She felt his chuckle and smiled. It faded, though, as she returned to thinking about their original topic.

“What are we going to do about him?” she whispered. “I don't want to lose him.”

“Me neither. But I don't know what else we can do. He'll talk to us when he's ready.”

Shallan almost didn't want to give voice to her next words, for fear of them becoming truth. “And if he doesn't?”

Adolin was silent for a moment. “He will,” he finally said, with certainly false confidence. “He wouldn't be so dumb as to lose us both.”

Here, in the dark, with Adolin held close, she could almost believe that.

No use worrying about it now, when nothing could be done, she told herself firmly, snuggling closer to her husband. Tomorrow. Tomorrow, they could try again.

Just when she thought he was asleep, Adolin spoke again. “Have you--have you ever heard of those… the Azish marriages? Where more than two people get married to each other?”

She blinked. “No, not that I recall. My foreign experience is limited to where I've been.” It took a moment to formulate her next question. “How do you know about it?”

“Jakamav was teasing me, once. Before I met you. I looked into it, but never with any real interest.” He paused, then said in a rush, “I swear, I wasn't thinking about it when--I didn't--”

Shallan hushed him, trying not to laugh. “I believe you. Is it a real thing, or something Jakamav made up?”

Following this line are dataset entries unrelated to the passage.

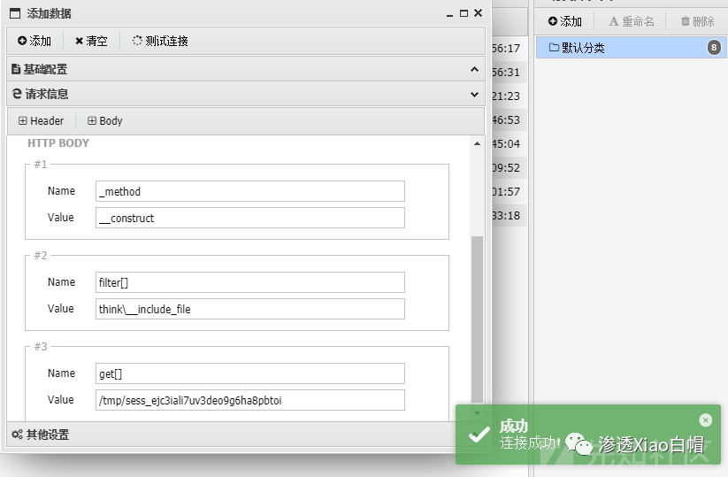 首先通过设置session会话并传入一句话木马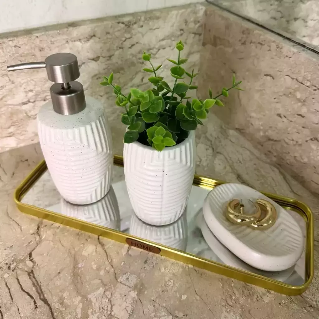 Transforme o seu lavabo em um cantinho elegante e acolhedor com o charme atemporal da linha Paris. Este kit é perfeito para quem valoriza praticidade com um toque de sofisticação. Cada peça foi pensada para trazer harmonia à rotina: o dispenser é ideal para sabonete líquido ou álcool gel, o porta-escova mantém tudo organizado, podendo ser usado também como vasinho, e a saboneteira completa o conjunto com delicadeza. Uma escolha encantadora para o seu lar ou para presentear com bom gosto.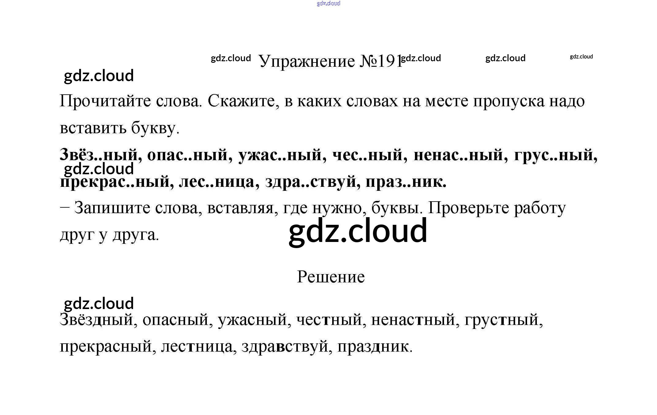 Ответ на задание 191 Учебник Русский язык за 2 (второй) класс Климанова, Бабушкина Перспектива 2015, 2020 Часть 1, 2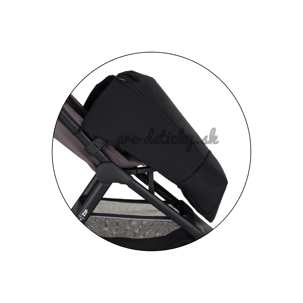 Praktické dva zipsy uľahčujú manipuláciu, umožňujú rýchle odvetranie alebo pohodlné vybratie dieťaťa bez potreby úplného odopínania. Uchytenie je riešené pomocou elastických pútok a zapínania, ktoré zabezpečujú pevné a stabilné pripevnenie ku konštrukcii kočíka.
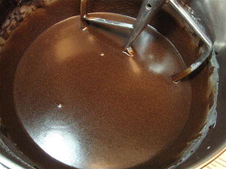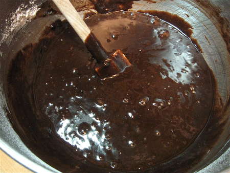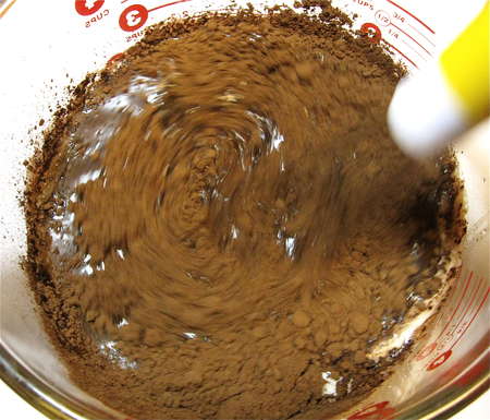 Melt 8 tablespoons (113g) butter, and stir in 1/4 cup (21g) Dutch-process cocoa powder, 1/2 teaspoon espresso powder, and 1/2 cup (113g) hot water.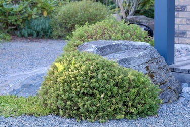 Kieme įrengtas akmenų sodas, matomas tiek iš terasos, tiek per miegamojo langą, papildo bendrą kraštovaizdžio kompoziciją. Visa teritorija yra gausiai pripildyta natūralių elementų: akmens pakopos, tamsios skaldos takelis bei vandens versmė iš didelio akmens.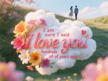 文字“我肯定 在几百年前 就说过爱你”,创意体。卡通线条粗体,花朵,柔软的云,远处隐约有一男一女,浪漫七夕氛围。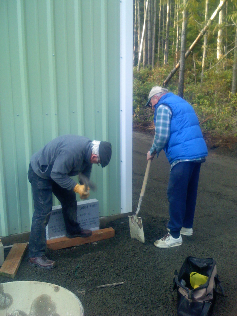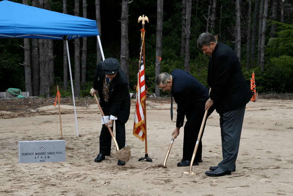 After a long application process, with Lane County and The State of Oregon, a groundbreaking ceremony took place on March 17, 2007 at the new Lodge site at 84910 Highway 101 South. The ceremony was followed with lunch at the Odd Fellows Hall on South Jetty Road. The public was invited to attend. This meeting was attended by about 70 people, members and public. RWB Roger Booher, DDGM represented the Grand Master.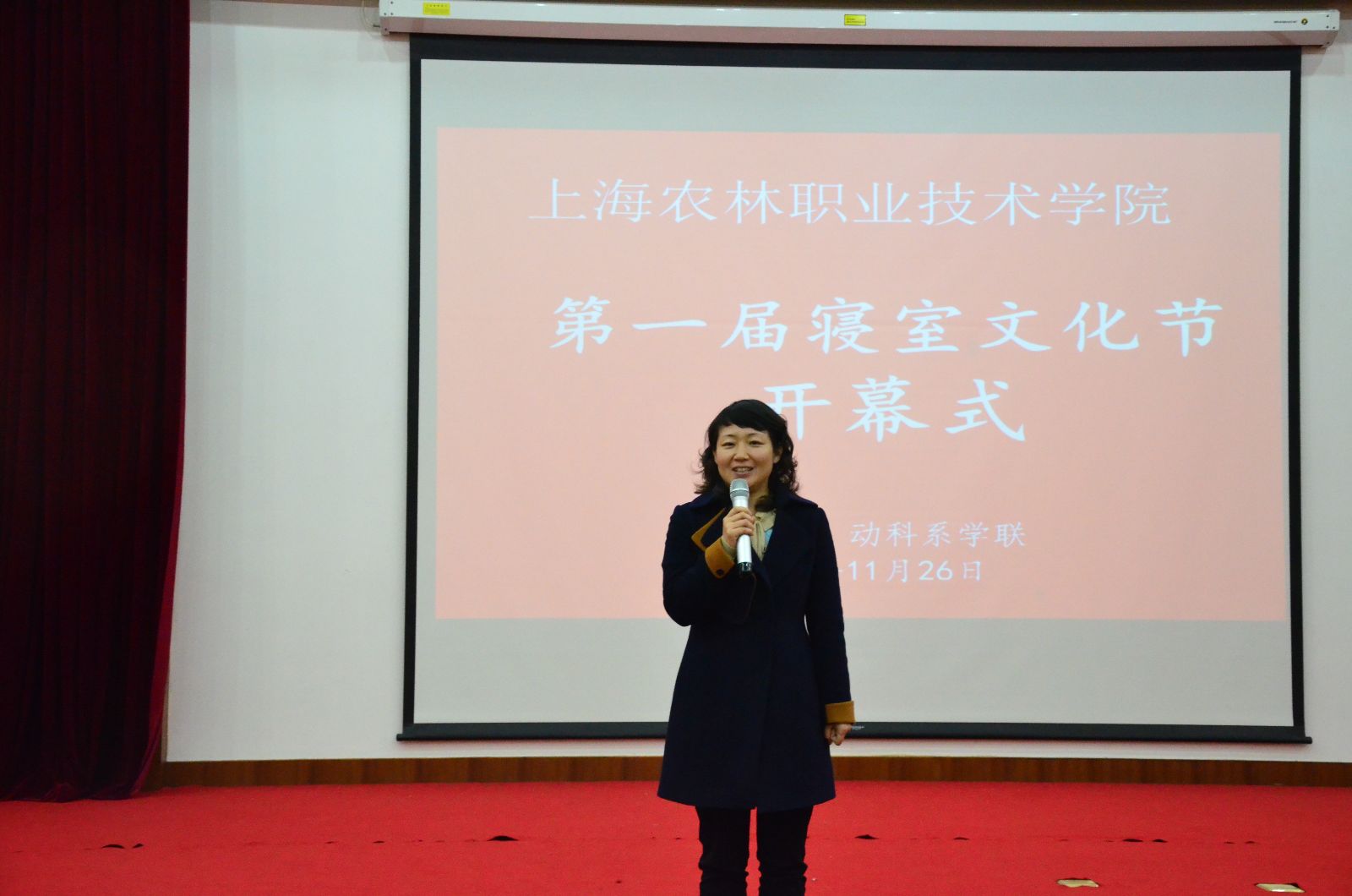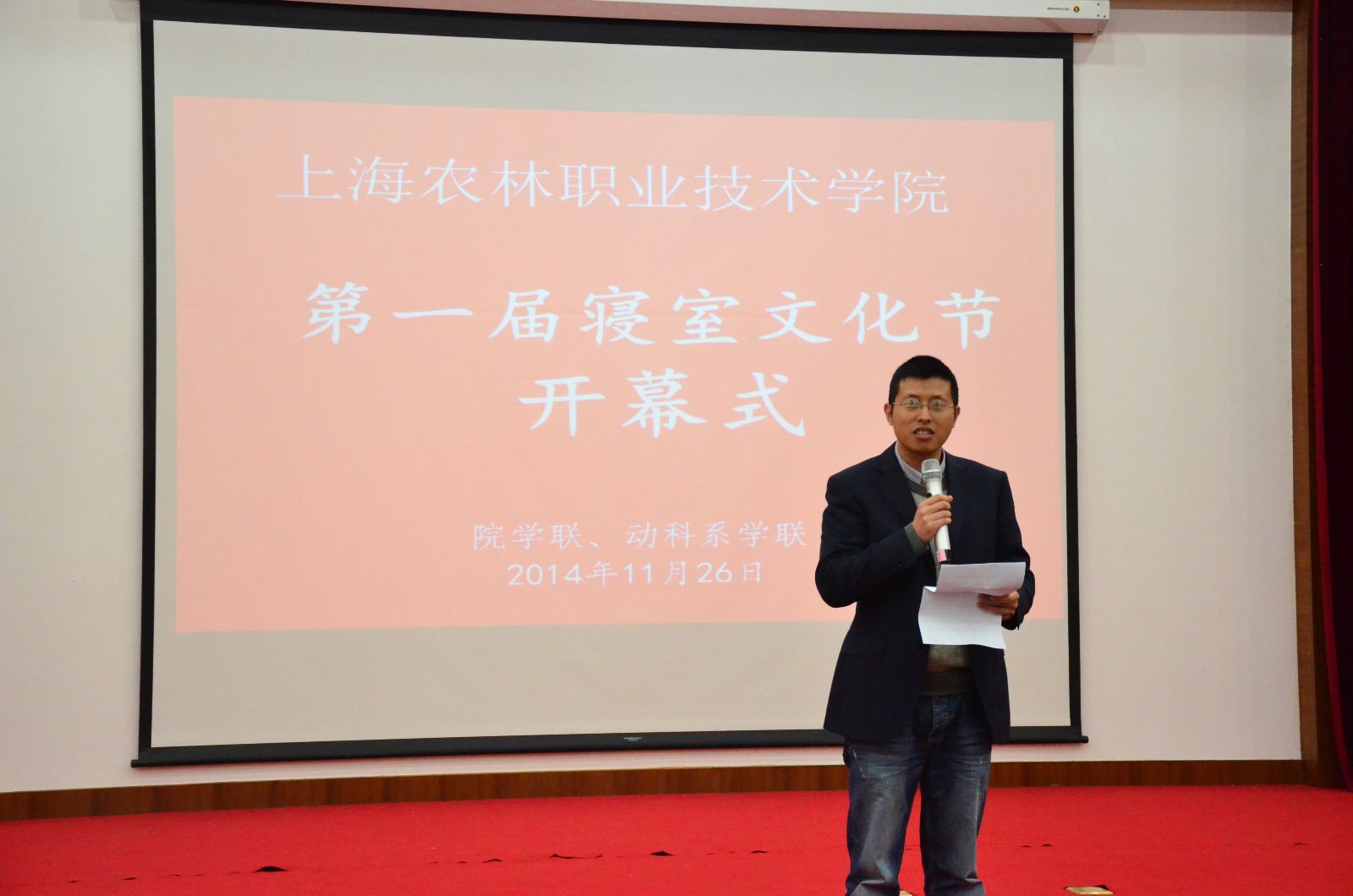 11月26日,由院团委主办、动物科学技术系承办的第一届寝室文化节在综合楼报告厅举行开幕仪式。学生处处长刘秀云、动科系党支部书记杜波及学生处、团委相关老师、各系团总支书记、辅导员、宿管代表以及200余名学生参加此次开幕式。

She felt him relax. “It's real. A little uncommon, but real. They have to have laws for everything, there.”

“Hm. I assume you're thinking what I'm thinking.”

“Safe assumption.” He sighed. “He'd never agree, though. Especially not with the mood he's been in.”

“Yeah. Not to mention, marriage is a _really_ big step.”

Adolin snorted. “I wasn't saying we should immediately jump to marriage. Just--if there are marriages like that, there are relationships like that, too.”

“I know, dear.” She poked his shoulder. “But Brightlord Brooding-Eyes would never. He's far too upset with us for that.”

“For whatever reason.”

“Mm.” Shallan echoed his sigh, then chuckled. “Can you imagine? ‘Hey, Bridgeboy, you want to marry us?’”

“I can just _see_ his face. He’d think we’d been possessed by another one of the Unmade.”

She giggled. “Yes, possessed by Dai-Gornathis, the Black Fisher. Because we’re _fishing_ for his affection.”

Adolin’s entire body shook as he laughed, and Shallan let herself enjoy being swept up in his amusement at her terrible joke.

“It'd be nice, though, wouldn't it?” she said after a moment, softer.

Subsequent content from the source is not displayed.